Visual cycle: Dependence of retinol production and removal on photoproduct decay and cell morphology.

作者信息

Ala-Laurila Petri, Kolesnikov Alexander V, Crouch Rosalie K, Tsina Efthymia, Shukolyukov Sergey A, Govardovskii Victor I, Koutalos Yiannis, Wiggert Barbara, Estevez Maureen E, Cornwall M Carter

机构信息

Department of Physiology and Biophysics, Boston University School of Medicine, Boston, MA 02118, USA.

出版信息

J Gen Physiol. 2006 Aug;128(2):153-69. doi: 10.1085/jgp.200609557. Epub 2006 Jul 17.

DOI:10.1085/jgp.200609557
PMID:16847097
原文链接:https://pmc.ncbi.nlm.nih.gov/articles/PMC2151530/
Abstract

The visual cycle is a chain of biochemical reactions that regenerate visual pigment following exposure to light. Initial steps, the liberation of all-trans retinal and its reduction to all-trans retinol by retinol dehydrogenase (RDH), take place in photoreceptors. We performed comparative microspectrophotometric and microfluorometric measurements on a variety of rod and cone photoreceptors isolated from salamander retinae to correlate the rates of photoproduct decay and retinol production.
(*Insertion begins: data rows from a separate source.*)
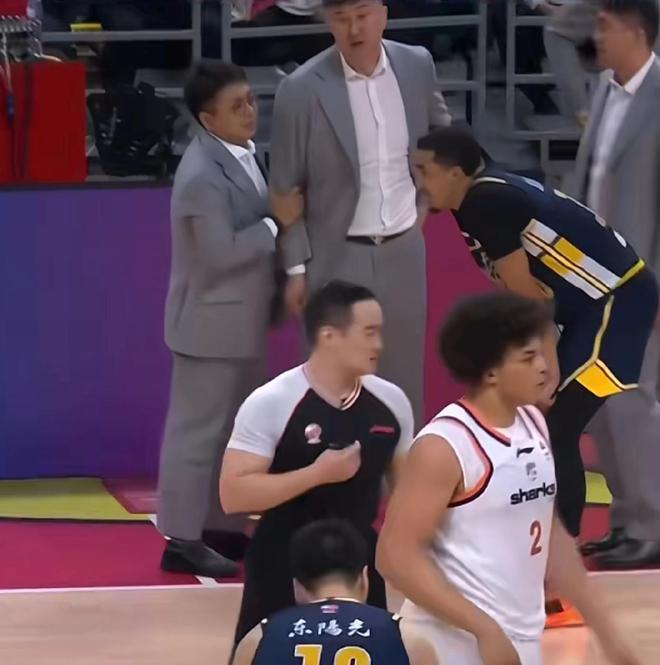 比赛转折点出现在末节一次攻防之后,上海队外援洛夫顿在一次得分后,有一个将球拨向裁判方向的附加动作,这个动作立即引起了广东队教练席的强烈反应。
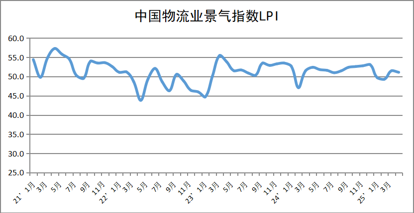 中國物流與采購聯合會發布的2025年4月份中國物流業景氣指數為51.1%,較上月回落0.4個百分點;中國倉儲指數為50.7%,較上月回落0.1個百分點。
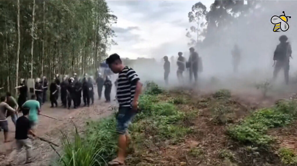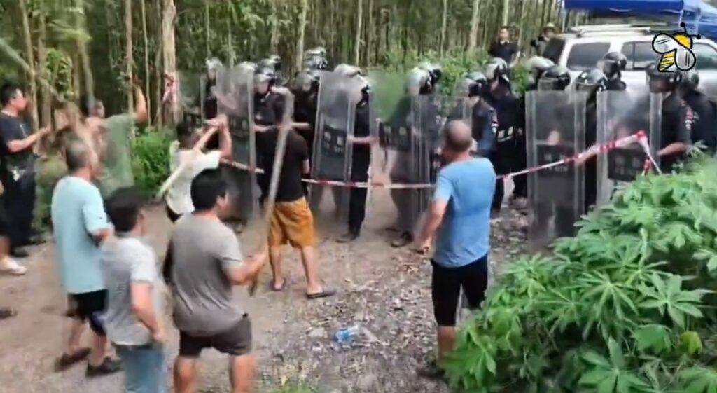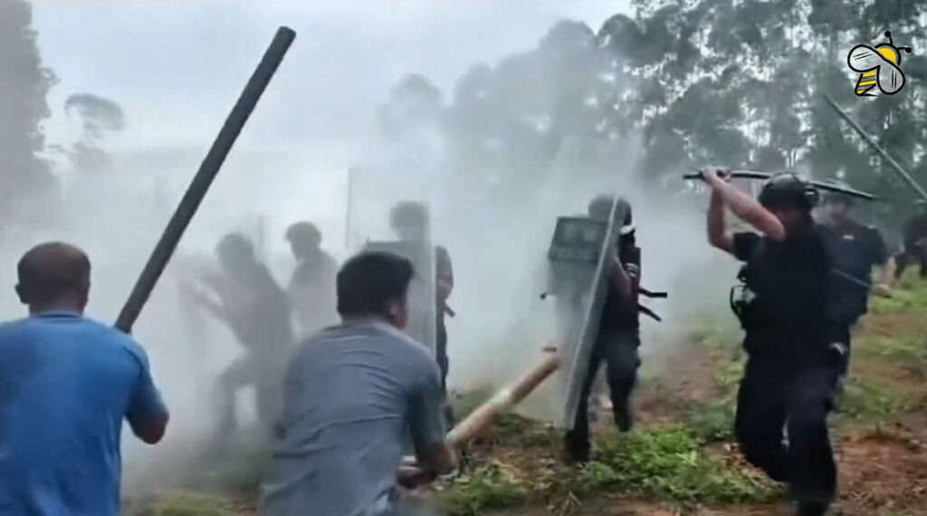 村民らは棍棒を手に必死に抵抗したが、警察側は盾や長棒、さらに消火器まで投入した。現場は修羅場と化し、頭部裂傷や背中の打撲などのけが人が続出し、血を流しながら病院へ運ばれる姿も確認された。
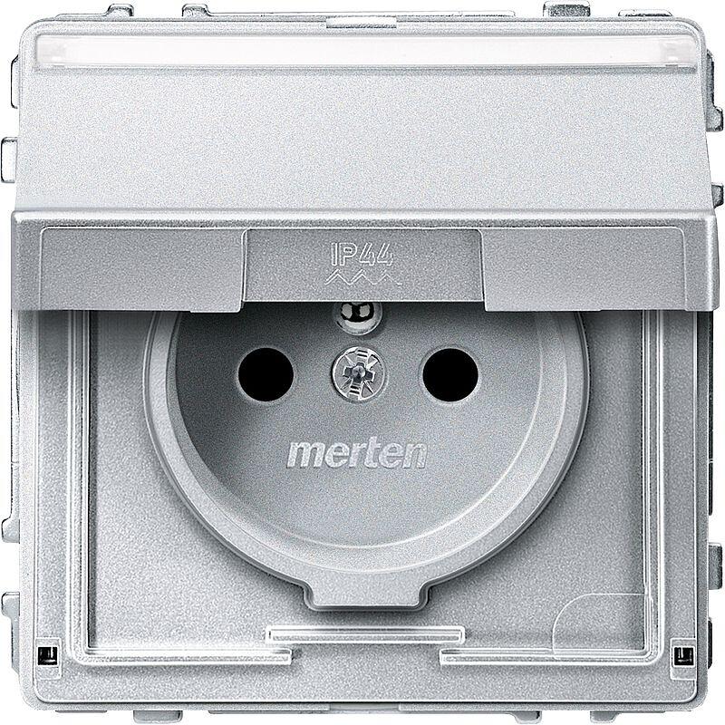 Merten MEG2612-7260 Steckdose, Aquadesign, Schutzkontaktstift, Klappdeckel, Schriftfeld, Berührungsschutz, Schraub-Liftklemmen, aluminium
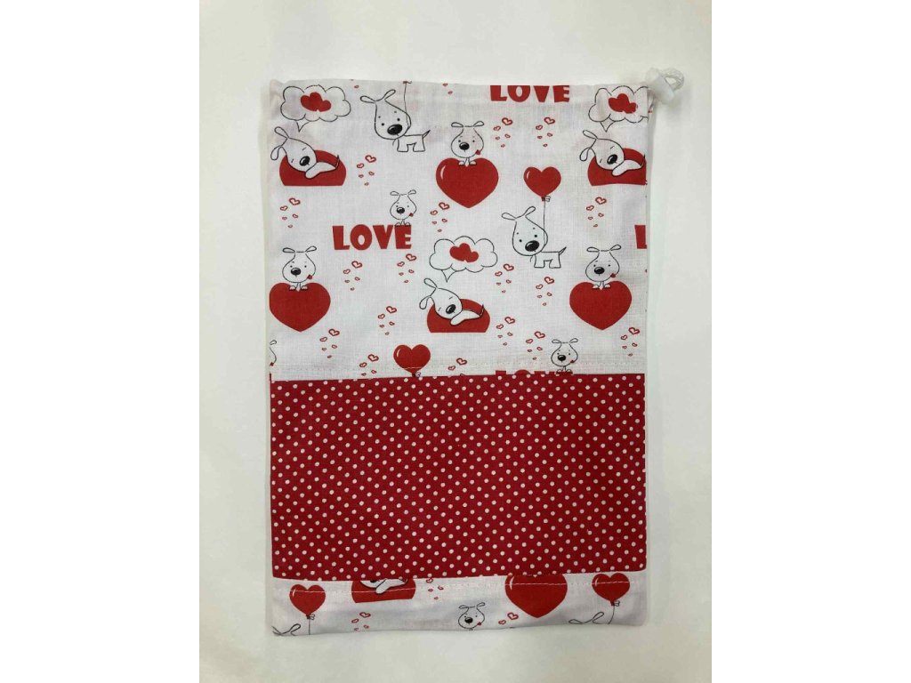 Ez a piros szíves, kutyás mintával készült uzsonnás zsák igazi kedvenc lesz a gyerekek és a kutyabarátok körében. Vidám mintázata szerethetővé teszi a mindennapi ételcsomagolást, legyen szó szendvicsről, péksüteményről vagy gyümölcsről. A strapabíró pamut külső és a PUL bélés gondoskodik róla, hogy az ételek frissek maradjanak, miközben a zsák könnyen tisztítható és újrahasználható. A behúzózár egyszerű kezelhetőséget biztosít, így akár iskolába, munkahelyre vagy kirándulásra is magaddal viheted. Környezetbarát megoldás, amely játékos mintájával még mosolyt is csal az arcokra.
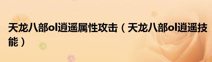天龙八部ol逍遥属性攻击,天龙八部ol逍遥技能很多人还不知道,乐乐来为大家解答以上问题,现在让我们一起来看看吧!
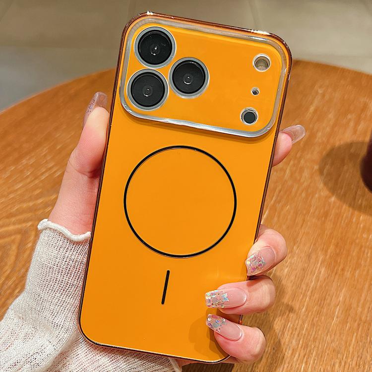 Funda MagSafe para iPhone 17 Pro Max con marco de cámara con orificio grande y anillo fino (naranja)
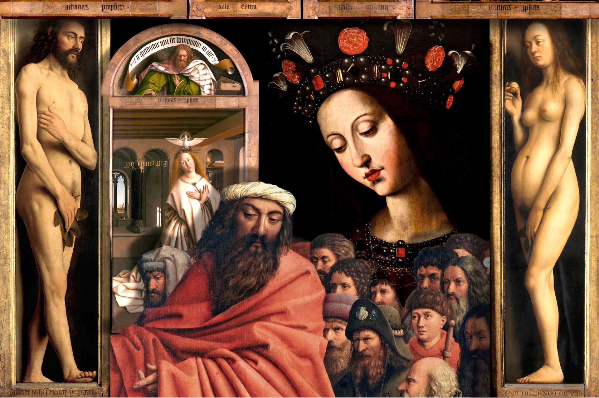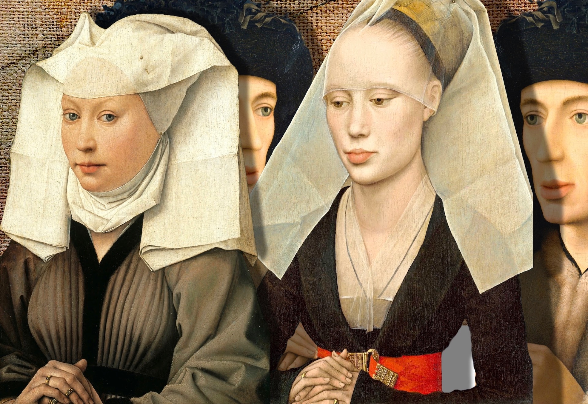 Rogier Van der Weyden è considerato uno dei più grandi pittori fiamminghi del XV° secolo. Fu il pittore ufficiale della città di Bruxelles, avendo come suoi committenti i duchi di Borgogna. La nobildonna a sinistra è un ritratto vivace, grazie allo sguardo rivolto direttamente all'osservatore.
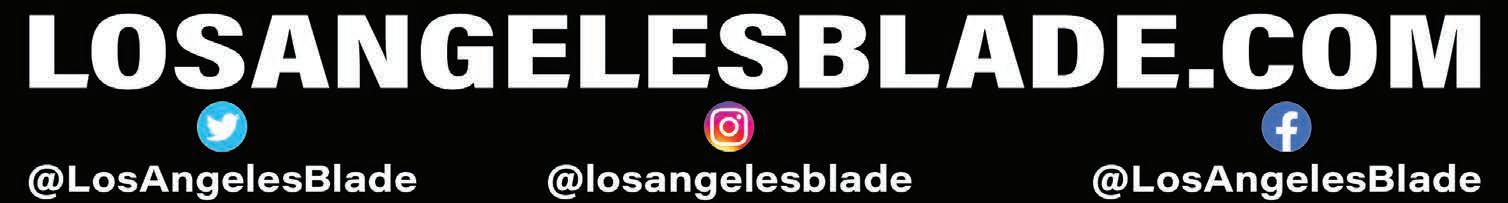All material in the Los Angeles Blade is protected by federal copyright law and may not be reproduced without the written consent of the Los Angeles Blade. e sexual orientation of advertisers, photographers, writers and cartoonists published herein is neither inferred nor implied. e appearance of names or pictorial representation does not necessarily indicate the sexual orientation of that person or persons. Although the Los Angeles Blade is supported by many ne advertisers, we cannot accept responsibility for claims made by advertisers. Unsolicited editorial material is accepted by the Los Angeles Blade, but the paper cannot take responsibility for its return. e editors reserve the right to accept, reject or edit any submission. A single copy of the Los Angeles Blade is available from authorized distribution points, to any individual within a 50-mile radius of Los Angeles, CA. Multiple copies are available from the Los Angeles Blade o ce only. Call for rates. If you are unable to get to a convenient free distribution point, you may receive a 26-week mailed subscription for $195 per year or $5.00 per single issue. Checks or credit card orders can be sent to Phil Rockstroh at prockstroh@washblade.com.
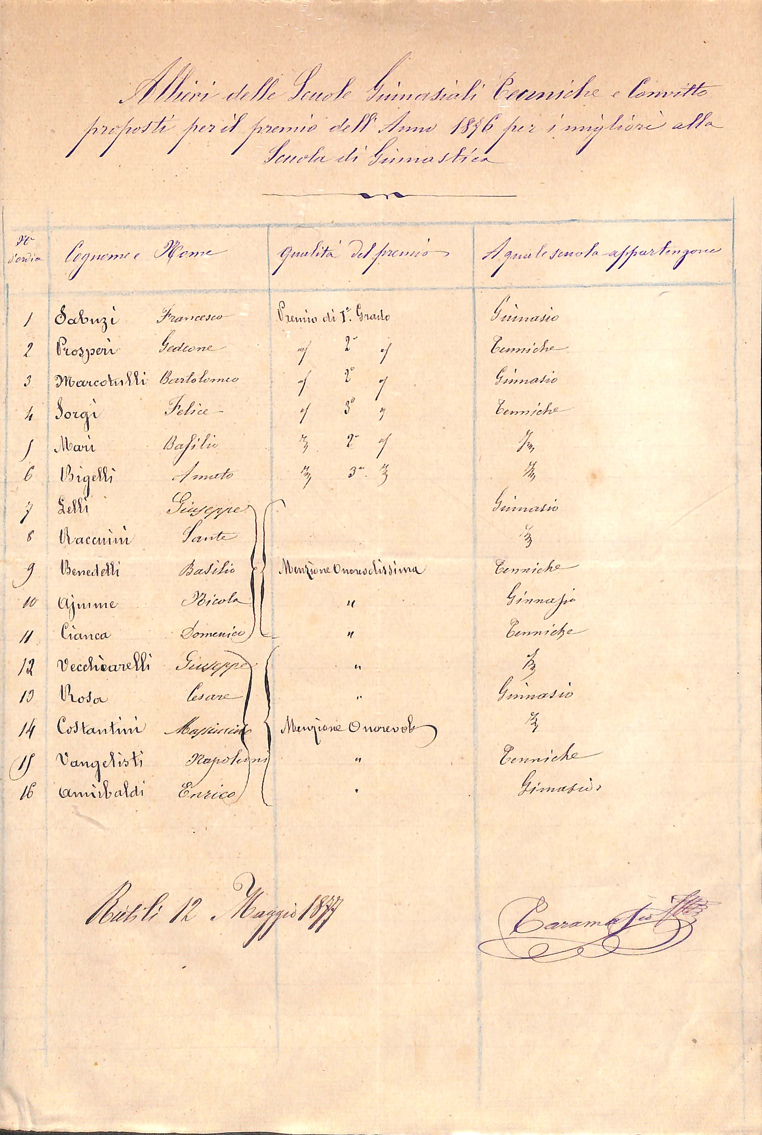 di didatticaluceinsabina 17 dicembre 201817 dicembre 2018 Archivio di Stato di Rieti, Prospetto degli alunni meritevoli di premiazione nell’anno 1876
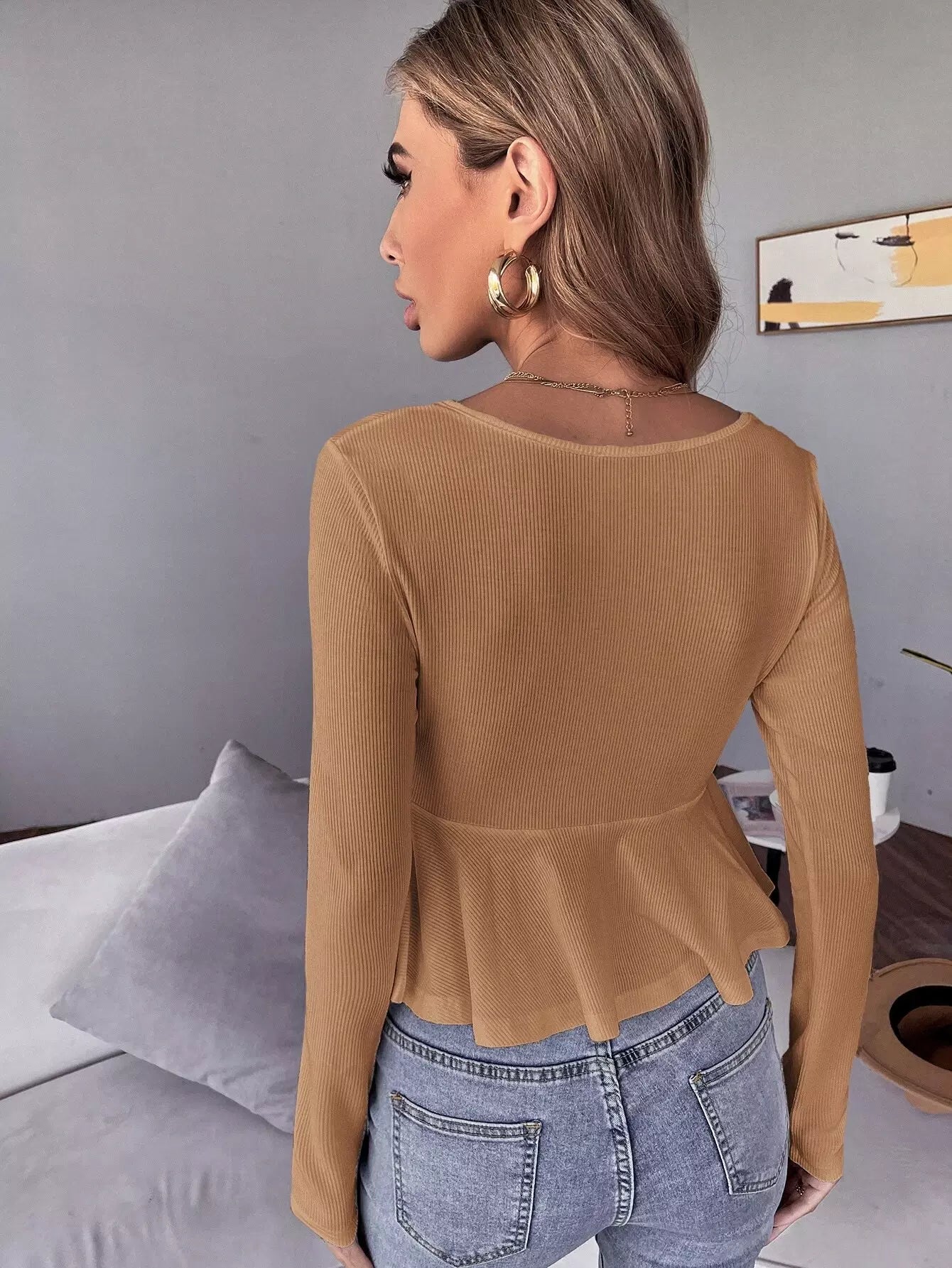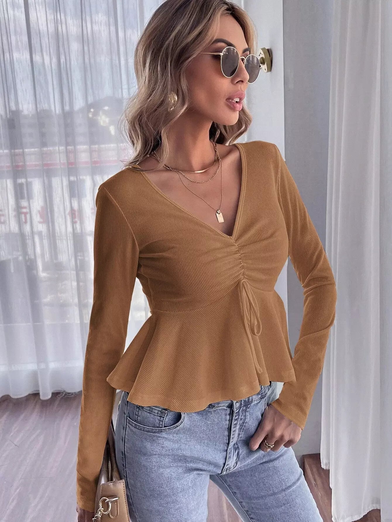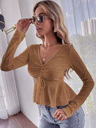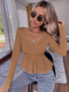 تي شيرت برباط أمامي محبوك برباط أمامي مضلع محبوك
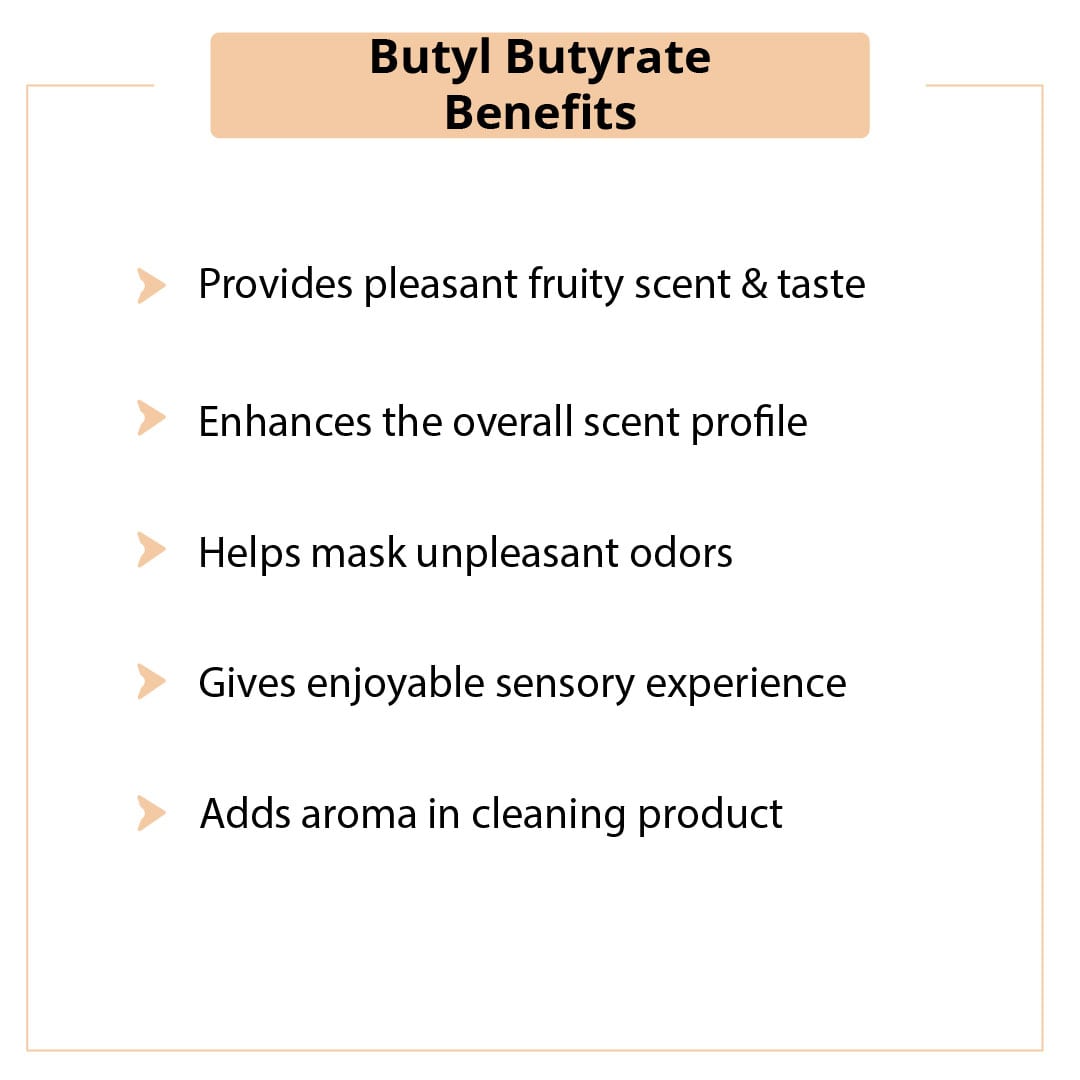 Furthermore, the compound is utilized as a solvent in various applications, such as in paints, coatings, and adhesives. It provides good solvency and volatility properties, contributing to the effectiveness and stability of these products. Overall, butyl butyrate offers a versatile range of applications and is valued for its fruity aroma, flavor, and solvent properties. Its presence can be found in everyday products, enhancing sensory experiences and serving as an essential ingredient in several industries.
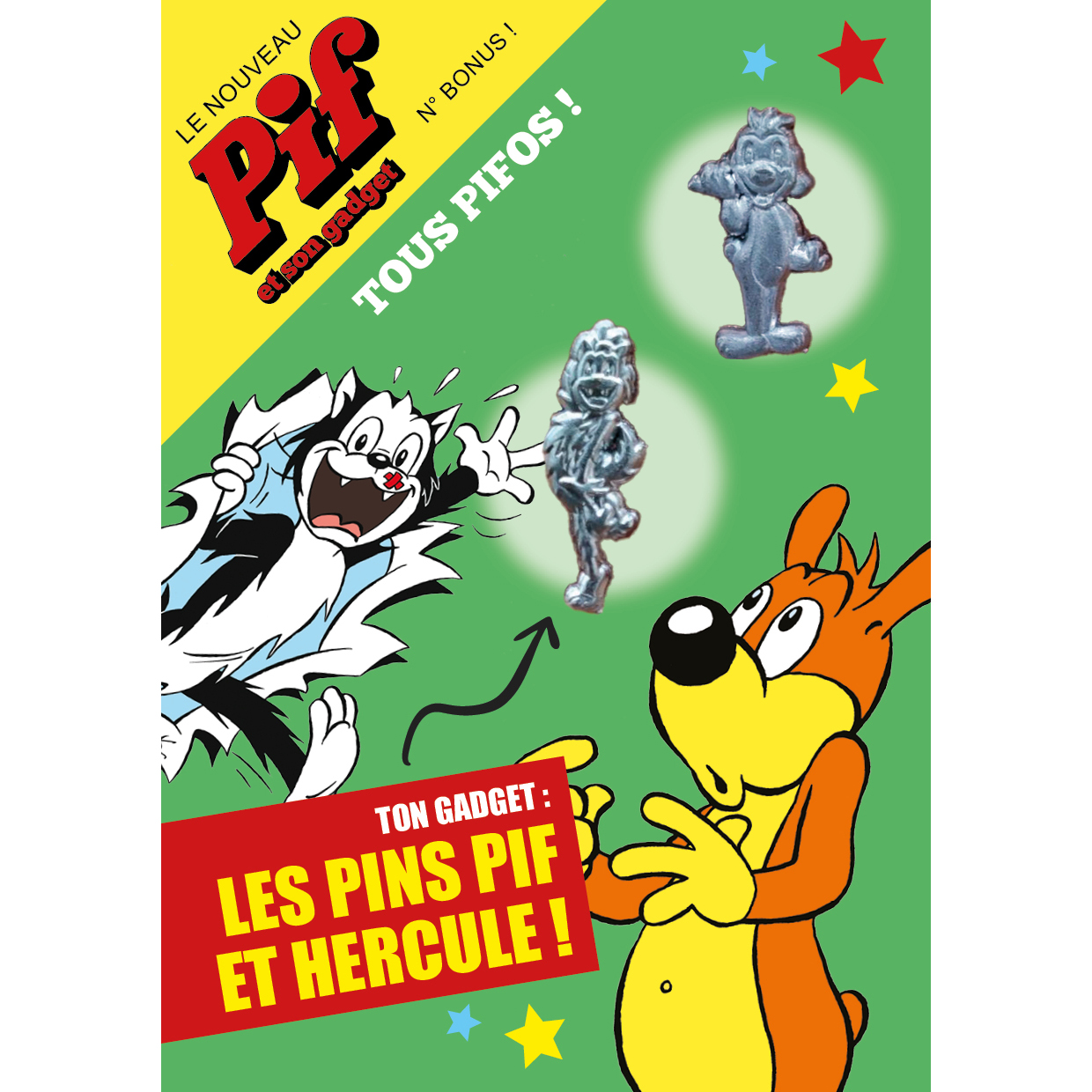Planche de deux pin’s exclusifs à l’effigie de Pif et de Hercule.
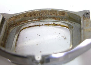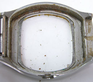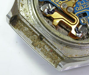 こうなった要因の一つでもあるかと。でも、この腕時計はオークション調達らしいですが状態からは相当無茶な使い方です。洗車くらいはへっちゃらって感じで。私がサイト内でも解説した「新品の頃は洗車や入浴でも異常が無かった=機能は永久的」との錯覚した使い方をした結果でもあります。「防水であっても湿気は避ける」これ腕時計の基本ですね。

Metapigment decay rate was spatially uniform within outer segments and 50-70 times faster in the cells that contained cone-type pigment (SWS2 and M/LWS) compared to cells with rod-type pigment (RH1). Retinol production rate was strongly position dependent, fastest at the base of outer segments. Retinol production rate was 10-40 times faster in cones with cone pigments (SWS2 and M/LWS) than in the basal OS of rods containing rod pigment (RH1). Production rate was approximately five times faster in rods containing cone pigment (SWS2) than the rate in basal OS of rods containing the rod pigment (RH1). We show that retinol production is defined either by metapigment decay rate or RDH reaction rate, depending on cell type or outer segment region, whereas retinol removal is defined by the surface-to-volume ratio of the outer segment and the availability of retinoid binding protein (IRBP). The more rapid rates of retinol production in cones compared to rods are consistent with the more rapid operation of the visual cycle in these cells.

摘要

视觉循环是一系列生化反应,在光照后使视觉色素再生。初始步骤,即全反式视黄醛的释放及其被视黄醇脱氢酶(RDH)还原为全反式视黄醇,发生在光感受器中。我们对从蝾螈视网膜分离出的多种视杆和视锥光感受器进行了比较显微分光光度法和显微荧光测定,以关联光产物衰变速率和视黄醇生成速率。间色素衰变速率在外段内空间上是均匀的,与含有视杆型色素(RH1)的细胞相比,含有视锥型色素(SWS2和M/LWS)的细胞中的衰变速率快50 - 70倍。视黄醇生成速率强烈依赖于位置,在外段基部最快。含有视锥色素(SWS2和M/LWS)的视锥细胞中的视黄醇生成速率比含有视杆色素(RH1)的视杆细胞基部外段快10 - 40倍。含有视锥色素(SWS2)的视杆细胞中的生成速率比含有视杆色素(RH1)的视杆细胞基部外段的速率快约五倍。我们表明,视黄醇生成由间色素衰变速率或RDH反应速率决定,这取决于细胞类型或外段区域,而视黄醇的去除由外段的表面积与体积之比以及类视黄醇结合蛋白(IRBP)的可用性决定。与视杆细胞相比,视锥细胞中视黄醇生成速率更快,这与这些细胞中视觉循环的更快运行一致。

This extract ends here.